> **Listed records**
- - - - -
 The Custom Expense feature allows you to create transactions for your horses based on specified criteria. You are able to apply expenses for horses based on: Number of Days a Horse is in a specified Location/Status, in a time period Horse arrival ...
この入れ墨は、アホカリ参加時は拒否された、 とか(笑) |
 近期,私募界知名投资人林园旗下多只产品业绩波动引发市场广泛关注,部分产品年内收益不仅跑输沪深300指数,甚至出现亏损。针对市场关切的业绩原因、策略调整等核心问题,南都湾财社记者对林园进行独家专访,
- - - - -
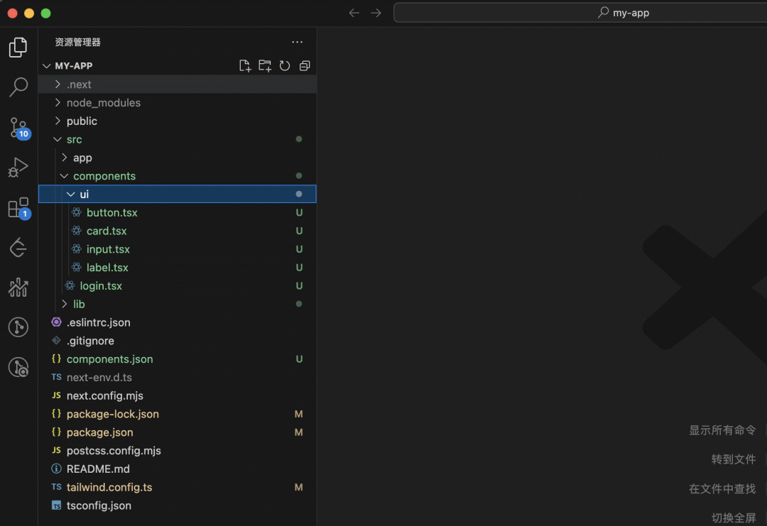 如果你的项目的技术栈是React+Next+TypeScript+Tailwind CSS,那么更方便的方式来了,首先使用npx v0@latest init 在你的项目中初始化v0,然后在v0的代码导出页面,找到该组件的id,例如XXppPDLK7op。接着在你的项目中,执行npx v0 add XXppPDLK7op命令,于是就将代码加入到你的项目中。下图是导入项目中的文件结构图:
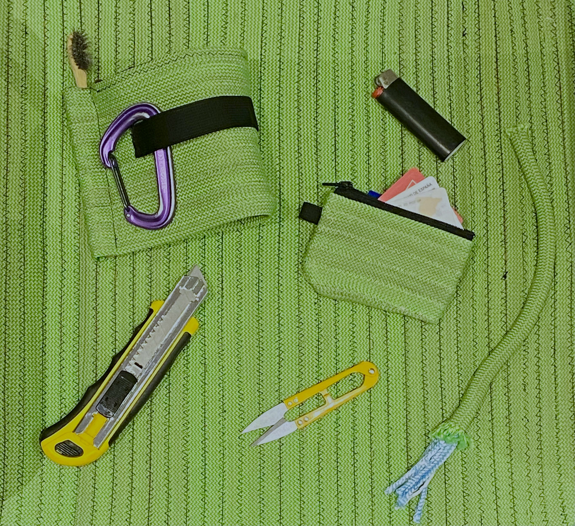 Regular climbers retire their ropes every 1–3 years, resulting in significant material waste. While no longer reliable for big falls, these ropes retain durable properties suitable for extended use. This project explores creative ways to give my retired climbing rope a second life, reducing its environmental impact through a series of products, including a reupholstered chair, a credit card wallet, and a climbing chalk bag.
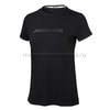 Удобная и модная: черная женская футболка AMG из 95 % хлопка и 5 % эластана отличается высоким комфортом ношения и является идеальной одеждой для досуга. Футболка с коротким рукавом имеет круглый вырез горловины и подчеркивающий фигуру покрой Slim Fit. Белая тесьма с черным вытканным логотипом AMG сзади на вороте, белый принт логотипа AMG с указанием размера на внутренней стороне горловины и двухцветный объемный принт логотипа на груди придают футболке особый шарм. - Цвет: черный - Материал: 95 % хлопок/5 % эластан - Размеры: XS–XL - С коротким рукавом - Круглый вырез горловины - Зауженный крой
- - - - -
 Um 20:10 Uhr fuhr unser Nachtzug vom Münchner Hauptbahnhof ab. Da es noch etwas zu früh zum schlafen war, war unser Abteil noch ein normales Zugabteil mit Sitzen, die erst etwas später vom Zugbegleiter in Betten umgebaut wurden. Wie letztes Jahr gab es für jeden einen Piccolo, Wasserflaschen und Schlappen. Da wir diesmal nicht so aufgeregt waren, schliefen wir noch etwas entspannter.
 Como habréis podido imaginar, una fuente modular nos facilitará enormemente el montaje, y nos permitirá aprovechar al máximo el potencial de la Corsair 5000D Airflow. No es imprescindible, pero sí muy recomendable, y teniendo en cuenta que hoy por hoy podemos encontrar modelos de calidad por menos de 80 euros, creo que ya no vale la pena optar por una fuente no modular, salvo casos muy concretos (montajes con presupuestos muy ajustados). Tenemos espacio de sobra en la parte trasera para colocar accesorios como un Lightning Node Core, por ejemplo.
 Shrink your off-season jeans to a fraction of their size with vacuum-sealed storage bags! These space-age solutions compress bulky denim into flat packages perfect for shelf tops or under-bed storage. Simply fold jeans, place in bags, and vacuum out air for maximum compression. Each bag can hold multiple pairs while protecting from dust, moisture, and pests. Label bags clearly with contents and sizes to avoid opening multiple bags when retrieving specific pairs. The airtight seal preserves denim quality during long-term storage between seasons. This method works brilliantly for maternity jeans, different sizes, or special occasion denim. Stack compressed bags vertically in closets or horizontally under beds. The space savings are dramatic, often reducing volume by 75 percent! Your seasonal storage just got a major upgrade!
- - - - -
> **Your goal**
Everything above from the line containing "The Custom Expense" down to the line containing "近期,私募界知名投资人林园旗" should be copied exactly, both end lines included, and nothing else.

> **Task result**
 The Custom Expense feature allows you to create transactions for your horses based on specified criteria. You are able to apply expenses for horses based on: Number of Days a Horse is in a specified Location/Status, in a time period Horse arrival ...
この入れ墨は、アホカリ参加時は拒否された、 とか(笑) |
 近期,私募界知名投资人林园旗下多只产品业绩波动引发市场广泛关注,部分产品年内收益不仅跑输沪深300指数,甚至出现亏损。针对市场关切的业绩原因、策略调整等核心问题,南都湾财社记者对林园进行独家专访,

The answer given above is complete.